`parse.file_contents` doesn't find nested imports
The parse.file_contents function (mentioned here) doesn't seem to support imports that are indented (such as in a try block or in a function). This is in contrast to identify.imports, which does seem to find these imports. The issue with using the latter is that it doesn't include comments in the return value, and I'm interested in getting import comments.
Is there an intended difference between these two functions? Is one deprecated? It looks like it might be as simple as adding .strip here or in general modifying those few lines to match how identify.imports does it. Alternatively, maybe identify.imports could be modified to return comment data?
Thanks!
I just did a little test and at least in one limited case adding .strip() to that line does fix my issue. Should I put up a PR?

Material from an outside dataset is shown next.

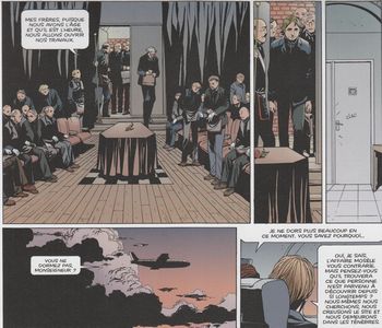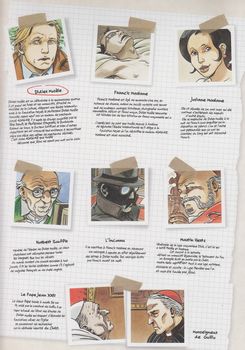 remarques: | réédition septembre 2005 (octobre 2000) dessinateurs: Falque, Gine, Stalner et Wachs poursuite de l'enquête de Didier Mosèle avec son amie Josiane Marlane et avec l'aide du franc-maçon Hertz de la Première Loge, premiers affrontements avec les gardiens du sang dans la forêt où se trouve la statue du cathare et la chapelle des Templiers qui sont situés au coeur du triangle épisode du passé: l'histoire des Cathares de Montségur le récit: 1/ la poursuite de l'enquête (dessinateur Gine) entretemps Didier Mosèle est contacté par Ernesto Pontiglione, un ami de Francis Marlane à Rome qui veut entretenir Didier d'un sujet concernant Francis tandis que Didier continue son enquête sur le lieu où serait le tombeau du Christ >> p. 3 les reliquats de Martin Hertz Francis avait découvert la statue du Cathare (mentionné dans le testament du fou) situé au coeur de la région des Templiers (en Champagne près de Troyes) >> p. 8 la statue du Cathare surnommé "l'homme vert" entretemps la maison de Hertz est assaillie par les gardiens du sang (une confrérie occulte rattachée au Vatican), Hertz réussit à repousser ses agresseurs, mais sa femme Lea est gravement blessée et le pape veut régler cette affaire avant de mourir! >> p. 17 le but des gardiens du sang: effacer la tombe du Christ de la surface de la terre pour ne pas faire éclater la vérité et à nouveau un comportement étrange de Hertz alias Orient-Origine >> p. 21 rue Puteaux, siège de la Grande Loge de France: Hiram = architecte de Salomon, Didier récupère un des carnets rouges de Francis par le biais de son ami de Rome (Pontiglione) Hertz travaille pour le cardinal Montespa qui contrôlerait aussi les gardiens du sang entretemps, Didier et Josiane Marlane se rendent à Courtéranges, par la même occasion on apprend que Josiane est la maîtresse de Didier (déjà du temps de Francis vivant) >> p. 27 la statue du cathare et la chapelle sont découverts >> p. 28 le sceau des Templiers: deux cavaliers sur une unique monture mais les deux comparses sont à nouveau victimes d'une agression par les gardiens du sang et secourus in extremis par Hertz qui les avait suivis >> p. 33 définition du cigare par Hertz "délicat, sensuel et suave" b) visite dans le passé, la suite des péripéties du livre "le testament du fou" (by Stalner) le jeune oblat Benoit, qui avait survécu à l'incendie de l'abbaye causé par les sbires de Philippe-Auguste, avait réussi à sauver quelques feuillets originaux du parchemin en langue araméen (l'original du livre "le testament du fou") >> p. 35/36 les critiques des cathares contre la papauté, la naissance du catharisme et de Montségur le parchemin ramené de St-Jean-d'Acre aurait été écrit par le Christ et c'est la confirmation que le vrai Christ n'a pas été crucifié par la suite, le parchemin est remis par Benoit à un maître-scribe qui en fait la traduction et le rend à l'abbaye d'Orbigny dont le prieur le confie à Benoit pour qu'il le remette au seigneur de Montségur (un parent du prieur), ensuite le seigneur de Montségur transmet ce secret aux cathares qui deviendraient après coup des francs-maçons mais le maître-scribe en avait fait une copie qu'il - pris de remord - remet à l'Eglise qui recherchera par tous les moyens de récupérer et de détruire ce parchemin original les cathares prennent alors Jean l'Evangéliste, successeur de Jésus, comme patron en décembre 1243, Montségur est assiégé et ses occupants exécutés mais quatre frères cathares réussissent à s'enfuir avec le parchemin (ce sera le trésor des cathares) et à trouver refuge auprès des Templiers, une étrange boucle de l'histoire car ceux-ci regrettaient l'action menée par leurs prédécesseurs à l'abbaye d'Orbigny le Christ n'est pas celui qu'on croit et la quête de Didier se poursuit avec à ses côtés un Hertz qui connait beaucoup de choses mystérieuses dernière page (by Wachs): le vrai Jésus n'était pas mort en Palestine, il est recueilli par sa femme et son fisl et doit quitter Jérusalem pour ne pas être traqué parce qu'il pense que son frère n'assumera pas son rôle (n.b. en effet, on se demande comment celui-ci se comportera devant Pilate et le Sanhédrin) >> la quête se poursuit, toujours aussi ésotérique, mystérieuse avec quelques rebondissements mais toujours aussi avec un certain intérêt annexes - couverture de l'album avec la fameuse statue du cathare "l'homme vert" - liste des principaux personnages impliqués dans la série - deux extraits de l'album |

Ok, so adding that .strip() does work in terms of getting the includes out using the API, but it messes up fixing files (the replaced lines are stripped). So it's more complicated than just adding that.
I'm trying to use identify.imports instead, and just use a combo of Python's linecache and isort's comments.parse, but it turns out that the line numbers that identify gives me aren't very helpful. In a case like this:
1 from foo import (
2 a # comment one
3 b # comment two
4 c # comment three
5 )
the line number is always 1 for all three imports, so I don't actually know what line to check for a comment.